In Line of Credit (Kreditis limiti) by Georgian director Salomé Alexi we meet Nino, a woman in her forties who tries to do that. During the Soviet era, she had a privileged life with her family: a big apartment and lots of money to spend abroad to buy gifts. Now, the family has to sell or pawn all the family belongings, including their inheritance and antiques, just to get by and fill one financial hole after another. It is an almost senseless fight, but Nino is telling nobody. Only her sister knows what is going on. That story is told in bright images, which contrast with the hopeless situation of the family, who now has to deal with loan sharks, people they’ve never dealt with in the old days. The film’s open ending leaves no hope for the viewer, who really feels for the main character, who will keep on fighting – because there is no alternative.

The main character Nadezhda of The Lesson (Urok), the feature debut of Bulgarian directors Kristina Grozeva and Petar Valchanov, is also a strong woman who has to struggle with deep financial straits.
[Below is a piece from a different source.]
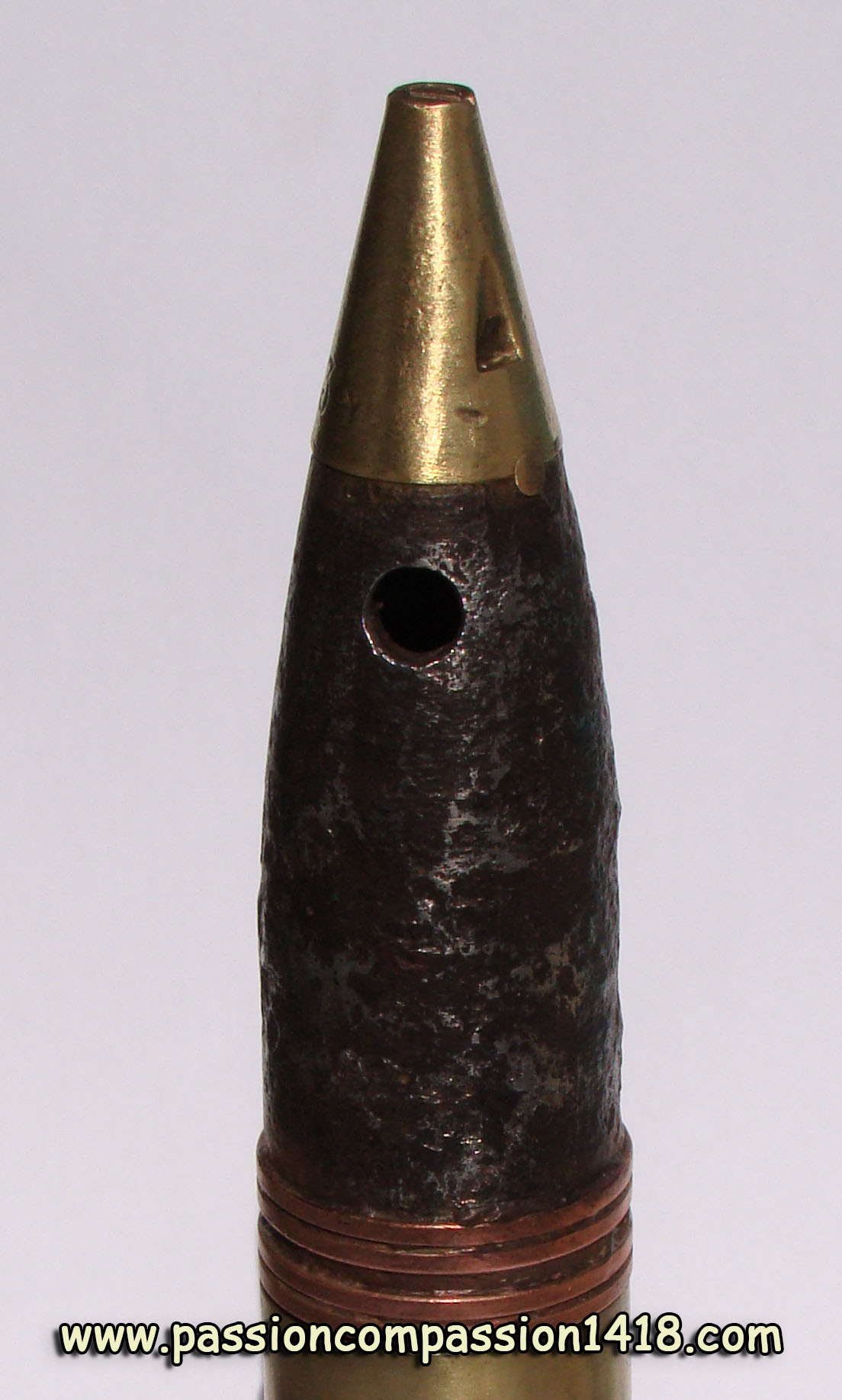 Fusée concutante de 22/24. La fusée montée sur son obus incendiaire de 37 mm qui a été désassemblé de la douille contenant la charge propulsive. |

As a teacher, she tries to set a moral example for the pupils. At home, she is the only driving force in the family, as the husband is a drinking dreamer who only occasionally earns money. Now life is giving her a hard lesson: as it turns out, her husband failed to pay the interest for the family loan, now there are only three days to repay the bank, or they will lose their house. We watch her now hopelessly trying every legal way to obtain the whole sum, until she finally ends up not only in a moral dilemma but has to use the most unusual means to get the money.

Kebab & Horoscope (Kebab i horoskop) by Polish director Grzegorz Jaroszuk tells about two self-made “marketing experts” (a former kebab chef, the other a horoscope writer), monitoring the senseless work in a carpet store, since no one really works there and apparently doesn’t earn money. Nevertheless, they show up every day, sit and wait, discuss their private lives and daily horoscopes, or they simulate activity. The counsellors themselves are no professionals and practically as helpless as their incapable clients. Sooner or later they become part of the desperate team that one has to like in a way. The film also tells about the seemingly meaningless efforts that people make, where in the end they can only rely on themselves and sometimes on each other in a very dark-humoured way with obvious influences of the strange Scandinavian cinema by Aki Kaurismäki or Roy Andersson. It is only befitting that the cinematographer John Magnus Borge is from Norway.

The sad hero Peter (known as Koza, “The Goat”) of Koza by the Slovak director Ivan Ostrochovský also keeps on fighting. He is a former box champion and semi-professional boxer with Roma background. He tries hard to earn money, either by collecting scrap metal or burning cables. His girlfriend is pregnant and he wants to talk her out of an abortion. Despite the doctor’s advice, he risks his life for as a human punching ball every night in the pit. He only gets paid if he loses and is beaten up, for the amusement of the betting crowd. His only real friend is his manager, who really tries to keep professional distance. But in the end, they are both alone and can rely only on each other. That story is told through rough and mainly steady pictures with a mix of professional actors and non-professionals, such as the main character played impressively by the Slovak ex-boser Peter Baláž.